What does the parameter retain_graph mean in the Variable's backward() method? - neural-network

I'm going through the neural transfer pytorch tutorial and am confused about the use of retain_variable(deprecated, now referred to as retain_graph). The code example show:
class ContentLoss(nn.Module):
def __init__(self, target, weight):
super(ContentLoss, self).__init__()
self.target = target.detach() * weight
self.weight = weight
self.criterion = nn.MSELoss()
def forward(self, input):
self.loss = self.criterion(input * self.weight, self.target)
self.output = input
return self.output
def backward(self, retain_variables=True):
#Why is retain_variables True??
self.loss.backward(retain_variables=retain_variables)
return self.loss
From the documentation
retain_graph (bool, optional) – If False, the graph used to compute
the grad will be freed. Note that in nearly all cases setting this
option to True is not needed and often can be worked around in a much
more efficient way. Defaults to the value of create_graph.
So by setting retain_graph= True, we're not freeing the memory allocated for the graph on the backward pass. What is the advantage of keeping this memory around, why do we need it?

#cleros is pretty on the point about the use of retain_graph=True. In essence, it will retain any necessary information to calculate a certain variable, so that we can do backward pass on it.
An illustrative example
Suppose that we have a computation graph shown above. The variable d and e is the output, and a is the input. For example,
import torch
from torch.autograd import Variable
a = Variable(torch.rand(1, 4), requires_grad=True)
b = a**2
c = b*2
d = c.mean()
e = c.sum()
when we do d.backward(), that is fine. After this computation, the parts of the graph that calculate d will be freed by default to save memory. So if we do e.backward(), the error message will pop up. In order to do e.backward(), we have to set the parameter retain_graph to True in d.backward(), i.e.,
d.backward(retain_graph=True)
As long as you use retain_graph=True in your backward method, you can do backward any time you want:
d.backward(retain_graph=True) # fine
e.backward(retain_graph=True) # fine
d.backward() # also fine
e.backward() # error will occur!
More useful discussion can be found here.
A real use case
Right now, a real use case is multi-task learning where you have multiple losses that maybe be at different layers. Suppose that you have 2 losses: loss1 and loss2 and they reside in different layers. In order to backprop the gradient of loss1 and loss2 w.r.t to the learnable weight of your network independently. You have to use retain_graph=True in backward() method in the first back-propagated loss.
# suppose you first back-propagate loss1, then loss2 (you can also do the reverse)
loss1.backward(retain_graph=True)
loss2.backward() # now the graph is freed, and next process of batch gradient descent is ready
optimizer.step() # update the network parameters

This is a very useful feature when you have more than one output of a network.
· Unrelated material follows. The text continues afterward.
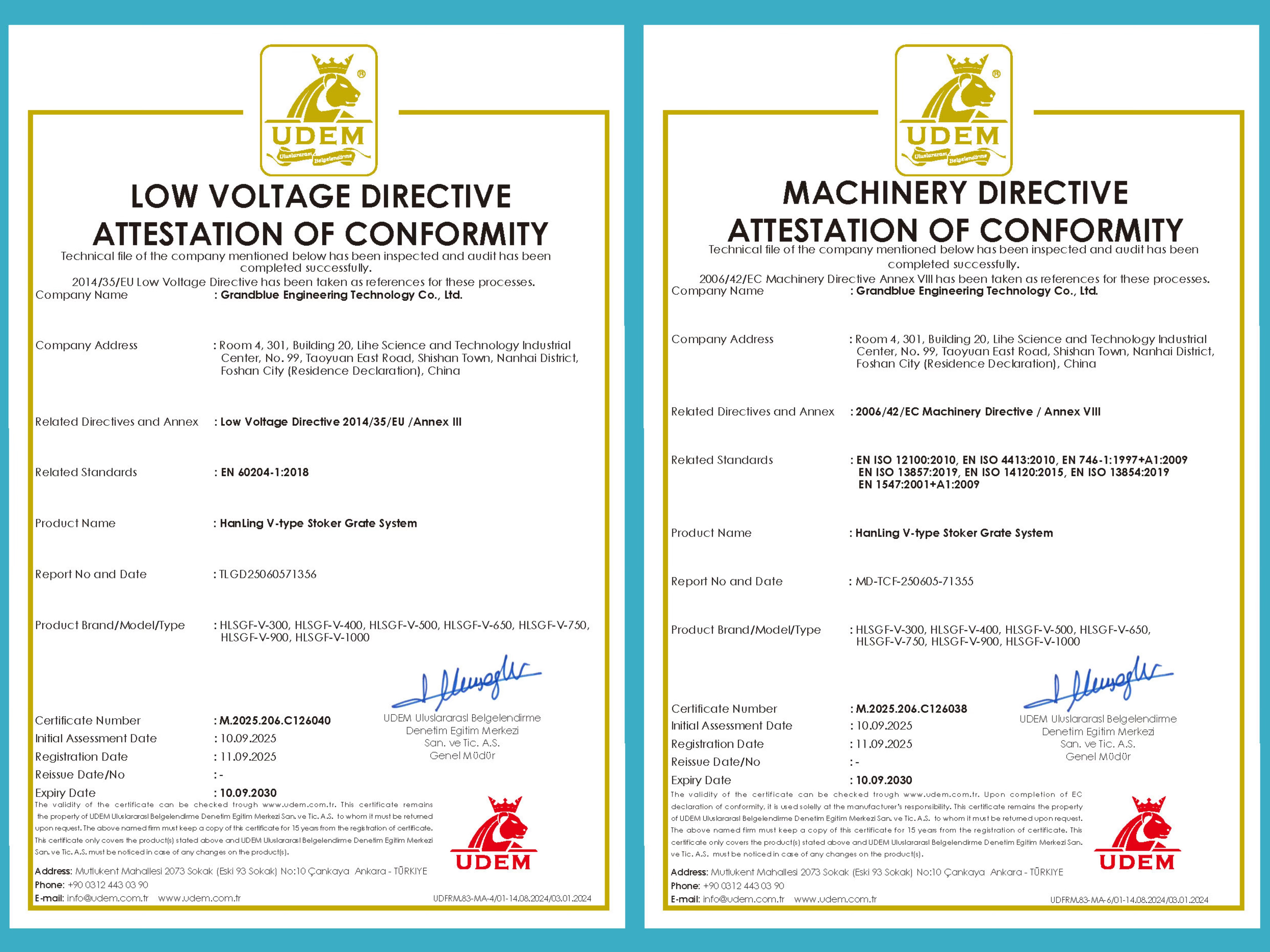 Grandblue Engineering Technology Co., Ltd. is proud to announce that its Hanling V-Type Incinerator, with a capacity range of 300–1000 t/d, has officially received CE certification from the European Union. This achievement not only affirms the product’s compliance with the EU’s rigorous standards but also grants it a vital entry pass to the European market.

Here's a completely made up example: imagine you want to build some random convolutional network that you can ask two questions of: Does the input image contain a cat, and does the image contain a car?
One way of doing this is to have a network that shares the convolutional layers, but that has two parallel classification layers following (forgive my terrible ASCII graph, but this is supposed to be three convlayers, followed by three fully connected layers, one for cats and one for cars):
-- FC - FC - FC - cat?
Conv - Conv - Conv -|
-- FC - FC - FC - car?
Given a picture that we want to run both branches on, when training the network, we can do so in several ways. First (which would probably be the best thing here, illustrating how bad the example is), we simply compute a loss on both assessments and sum the loss, and then backpropagate.
However, there's another scenario - in which we want to do this sequentially. First we want to backprop through one branch, and then through the other (I have had this use-case before, so it is not completely made up). In that case, running .backward() on one graph will destroy any gradient information in the convolutional layers, too, and the second branch's convolutional computations (since these are the only ones shared with the other branch) will not contain a graph anymore! That means, that when we try to backprop through the second branch, Pytorch will throw an error since it cannot find a graph connecting the input to the output!
In these cases, we can solve the problem by simple retaining the graph on the first backward pass. The graph will then not be consumed, but only be consumed by the first backward pass that does not require to retain it.
EDIT: If you retain the graph at all backward passes, the implicit graph definitions attached to the output variables will never be freed. There might be a usecase here as well, but I cannot think of one. So in general, you should make sure that the last backwards pass frees the memory by not retaining the graph information.
As for what happens for multiple backward passes: As you guessed, pytorch accumulates gradients by adding them in-place (to a variable's/parameters .grad property).
This can be very useful, since it means that looping over a batch and processing it once at a time, accumulating the gradients at the end, will do the same optimization step as doing a full batched update (which only sums up all the gradients as well). While a fully batched update can be parallelized more, and is thus generally preferable, there are cases where batched computation is either very, very difficult to implement or simply not possible. Using this accumulation, however, we can still rely on some of the nice stabilizing properties that batching brings. (If not on the performance gain)

Related

Impact of using data shuffling in Pytorch dataloader

I implemented an image classification network to classify a dataset of 100 classes by using Alexnet as a pretrained model and changing the final output layers.
I noticed when I was loading my data like
trainloader = torch.utils.data.DataLoader(train_data, batch_size=32, shuffle=False)
, I was getting accuracy on validation dataset around 2-3 % for around 10 epochs but when I just changed shuffle=True and retrained the network, the accuracy jumped to 70% in the first epoch itself.
I was wondering if it happened because in the first case the network was being shown one example after the other continuously for just one class for few instances resulting in network making poor generalizations during training or is there some other reason behind it?
But, I did not expect that to have such a drastic impact.
P.S: All the code and parameters were exactly the same for both the cases except changing the shuffle option.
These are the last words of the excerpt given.